We also found differences in the performance of measures between the smoking and depression apps. Depression apps had much higher interrater reliability on the presence of password protection than did smoking apps. Several of the smoking apps had passwords associated with the social network functionality, but not the rest of the app, which may have been a source of ambiguity for reviewers. The measures on whether an app was uploaded by a health care agency and contained encryption had perfect agreement for smoking apps, but not for depression apps. Therefore, there may be fundamental differences between categories of apps that impact the interrater reliability of measures. As a result of this heterogeneity, it may be necessary to validate the interrater reliability of measures separately for each category of apps.

While the challenge of rating mHealth apps may be new, issues related to rating scales are not new to health care. Measuring quality of care of hospitals and health care systems is challenging, and there is also at times little consensus between various metrics [40]. Perhaps organizations seeking to rate apps can learn from the quality improvement and safety literature to understand how to best implement effective rating scales.

Overall, the results suggest a need for great caution when assigning and interpreting app ratings (see Table 3). Organizations rating apps should create robust measures with clearly defined criteria to ensure consistency. They should then test the interrater reliability and validity of their measures and utilize only ones with high levels of agreement. The reliability of reviews can further be improved by carefully training reviewers on how to consistently apply the measures. Consumers of reviews—both patients and clinicians—should interpret reviews cautiously, especially if they rely on measures that have not been shown to be reliable and valid. Clinicians may wish to use reviews as a mechanism for selecting potentially beneficial apps and then carefully test apps before recommending them to patients to ensure that the reviewers’ definitions of quality are consistent with their own. There may likewise be value in discussing apps with colleagues before recommending them, as it appears that clinicians may not identify quality issues consistently. Even in this era of digital health, clinician judgment may still be the best available tool for evaluating apps. Table 3 summarizes lessons learned from our app review.

Table 3. Key lessons learned for clinicians, patients, and app reviewers.

For clinicians	For patients	For app reviewers
Interpret mHealth app reviews cautiously, especially if measures have not been validated	Interpret mHealth app reviews cautiously	Use previously validated measures with high interrater reliability, if available
Consider reviewing apps personally before recommending apps to patients	Consult with your health care provider or another trusted source	Train reviewers on the measures using standardized specifications
Consider discussing apps with colleagues		Involve patients or reviewers with the condition of interest in the reviews
Use clinical judgment as a tool for evaluating apps		Record the name and version of the app being reviewed, as well as the date of the review

Limitations

While this study provides some initial conclusions about interrater reliability, it may have limited generalizability and does not address measure validity.
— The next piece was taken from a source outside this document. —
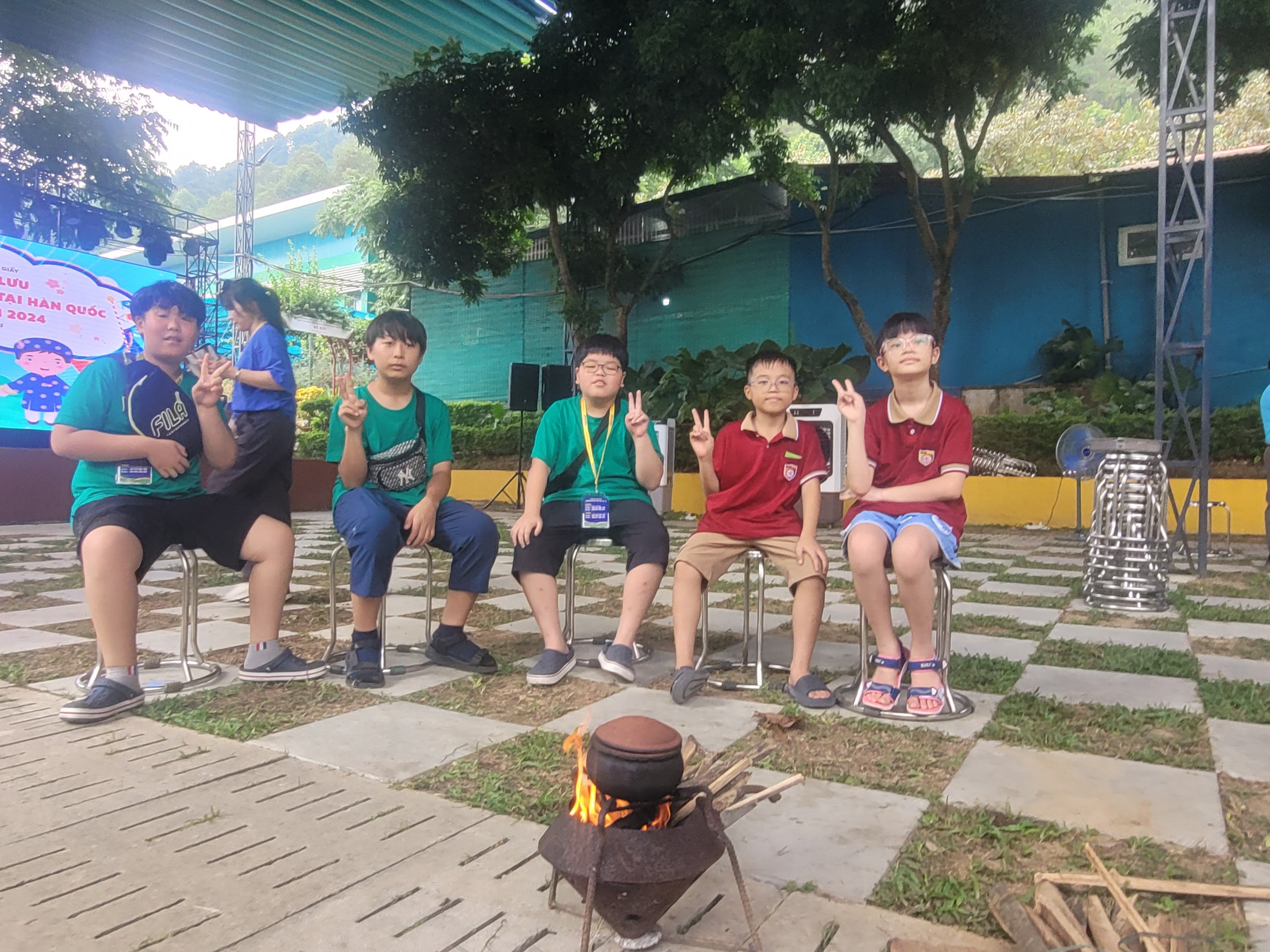 Với các bạn kiều bào Việt Nam tại Hàn Quốc thì đây là sự tò mò thích thú, bởi lần đầu tiên các em biết thế nào là “cơm niêu”- một phương pháp nấu cơm truyền thống của người Việt xưa. Sau đó, 1 nhóm 5 em phải xoay xở phân công từ việc vo gạo, nhóm lửa, canh bếp cho đến lúc cơm chín. Không khí trên sân thật rộn ràng và sôi động.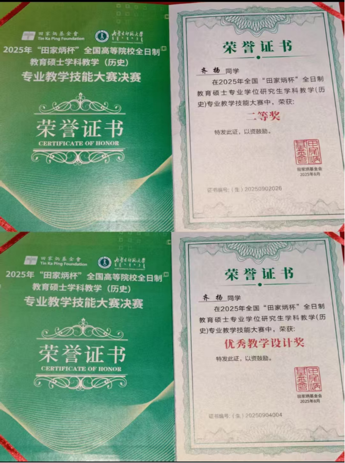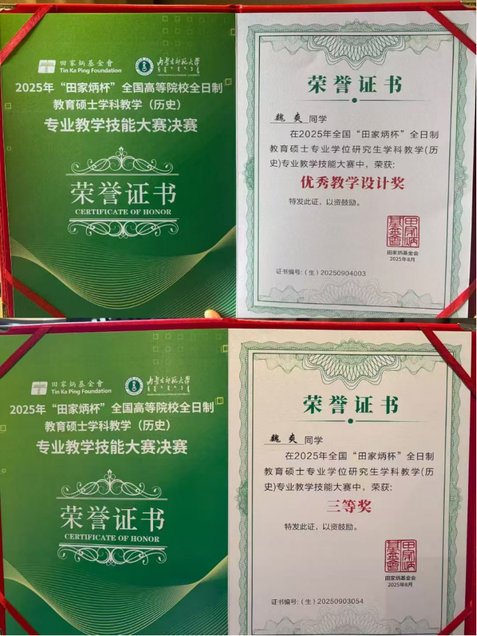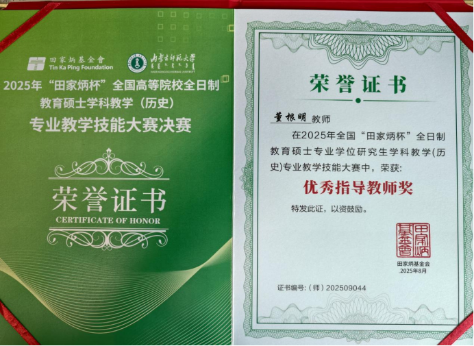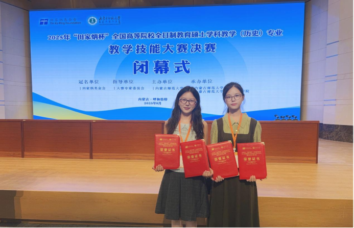2025年8月22日至25日,由“田家炳杯”全日制教育硕士专业学位研究生教学技能大赛专家委员会指导、“田家炳教育基金会”冠名,内蒙古师范大学主办的2025年“田家炳杯”全国高等院校全日制教育硕士学科教学(历史)专业教学技能大赛决赛在呼和浩特举行。本次决赛汇聚了全国84所院校160余名全日制学科教学(历史)专业硕士研究生,搭建起高校间教学实践交流的优质平台。公司2023级学科教学(历史)研究生齐扬、魏爽参赛,太阳成集团tyc9728葛俊超博士带队。

Only 20 apps in two categories were evaluated, and some differences were found in the interrater reliability of the measures across categories. We included only Apple iOS apps for iPhone devices; Android-only apps were not considered. Furthermore, the apps selected may not be representative of their respective categories.

The app review methods used may have contributed to low measure interrater reliability. The measures of review completeness suggest that reviewers sometimes had issues determining the appropriate ratings for measures or finding the right apps. Future researchers and physicians prescribing apps should consider providing direct links to apps to ensure that there is no confusion. It is easy to imagine situations where physicians recommend apps to patients by name, and then patients are unable to properly identify apps as other available apps have similar titles. Likewise, detailed measure definitions and additional reviewer training may help future reviewers provide more complete ratings with confidence. Nonetheless, each measure was applied 109 or more times, out of a potential total of 120 applications, indicating that in the majority of cases, reviewers were able to properly identify the app and apply a rating for the measure. Further, there may be idiosyncrasies in the rating behavior of the 6 reviewers who participated.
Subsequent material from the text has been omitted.